The cost of electricity is rising in B.C. In 2007, the based residential rate for electricity was just over 5.4 cents per kilowatt-hour (kWh).
Then in 2008 BC Hydro announced a plan to switch to two-step billing that would increase the rate for the first 1,350 kWh of electricity consumed to 5.98 cents per kWh and everything above that to 8.27 cents.
By April 2013 those prices had crept up to 6.9 cents per kWh and 10.34 cents per kWh respectively — part of an overall 17 per cent increase approved in 2012. Rates will increase almost four per cent again in 2014, and are expected to keep rising after that.
The two-step system is particularly challenging for places like Whistler where temperatures are a lot colder and winters last longer than in more temperate areas.
The result is that people in mountain towns have seen a disproportionate increase in their bills over the last five years.
Long term, the cost of power is expected to rise even further as the province grows and aging infrastructure must be updated. According to numbers compiled by the Resort Municipality of Whistler in partnership with BC Hydro, the average home in the resort in 2011 used about 26,500 kWh per year. BC Hydro’s annual two-step system would result in a bill of roughly $1,004.40 for the first 16,200 kWh (12 months times 1,350 kWh, assuming a property reaches that threshold every month), while the bill for the next 10,300 kWh is another $1,065.02 for a total of $2,069.42 annually.

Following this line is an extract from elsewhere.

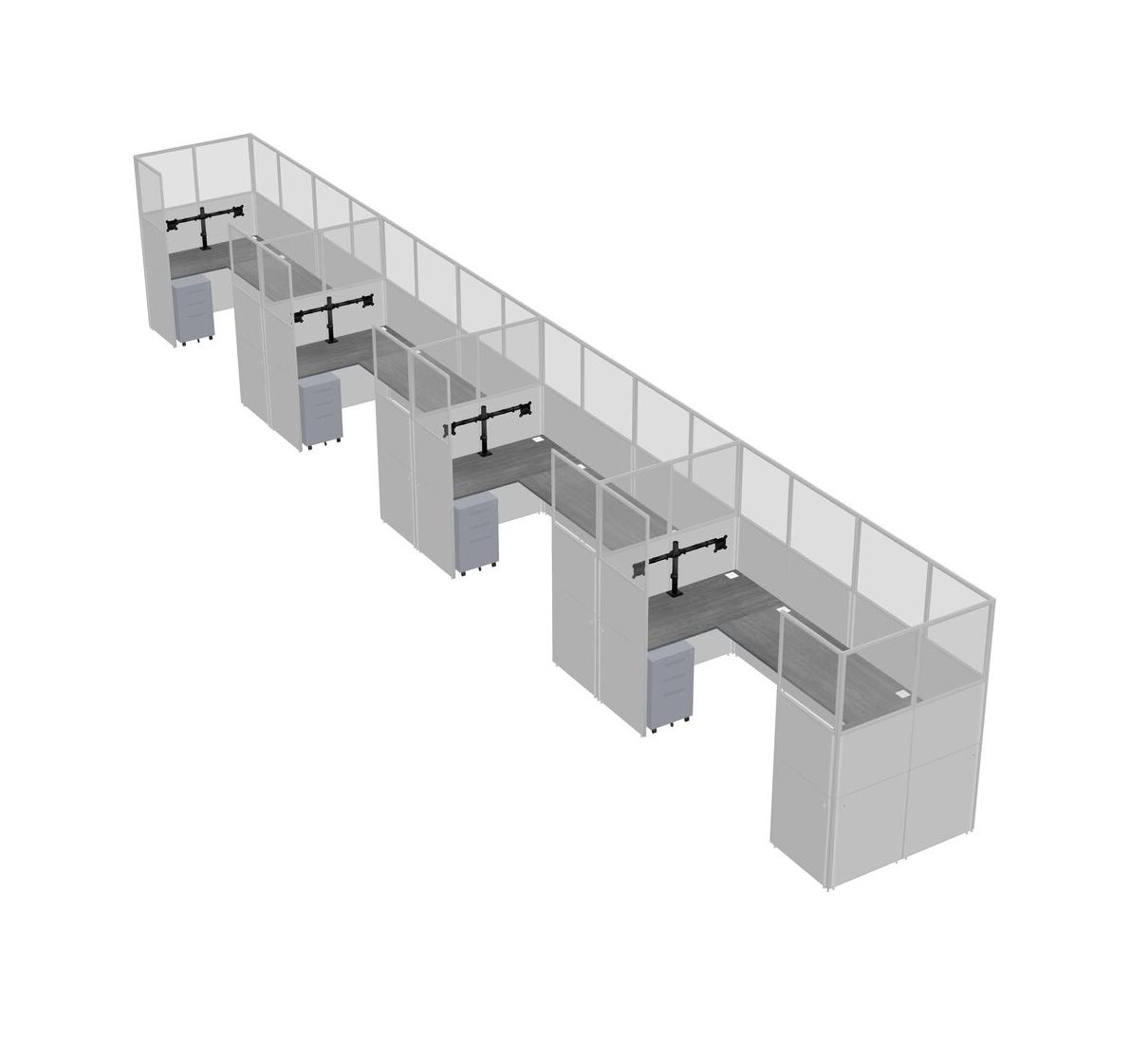 Grey U-shaped Panel System For 4 Person + Monitor Arm (double Arms) + Metal Mobile Drawers For 4 User(s)
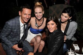 [GQ editor-in-chief Jim Nelson cozies up to January Jones, Jennifer Carpenter, and Sarah Silverman right before the comedian makes an indecent proposal at the GQ 'Men Of The Year' party in Hollywood last night. Image via Getty]

That’s a significantly higher bill than just five years ago. A similar amount of electricity at 2007 rates was about $630 cheaper. And if the province didn’t bring in a two-step system and kept the base residential rate to 6.9 cents per kWh then an average annual electrical bill would be around $340 less.
If the average electricity price ever reached 12 cents per kWh, the amount currently charged by IPPs, then an average annual BC Hydro bill would grow to over $3,000 per year, $1,000 more that the current average.
This is where the incentive to embrace green housing technologies comes in.
If you could improve your overall energy efficiency by 25 per cent you’ll save around $260 a year at today’s rates. Over a decade that translates to over $2,600, and over the 25 years most of us take to pay off a mortgage you’re looking at more than $6,000 in savings.
That’s more than enough potential savings to justify an investment in making your home more energy efficient — and those numbers don’t include any future increases to the cost of power. As power rates increase, so will the potential savings.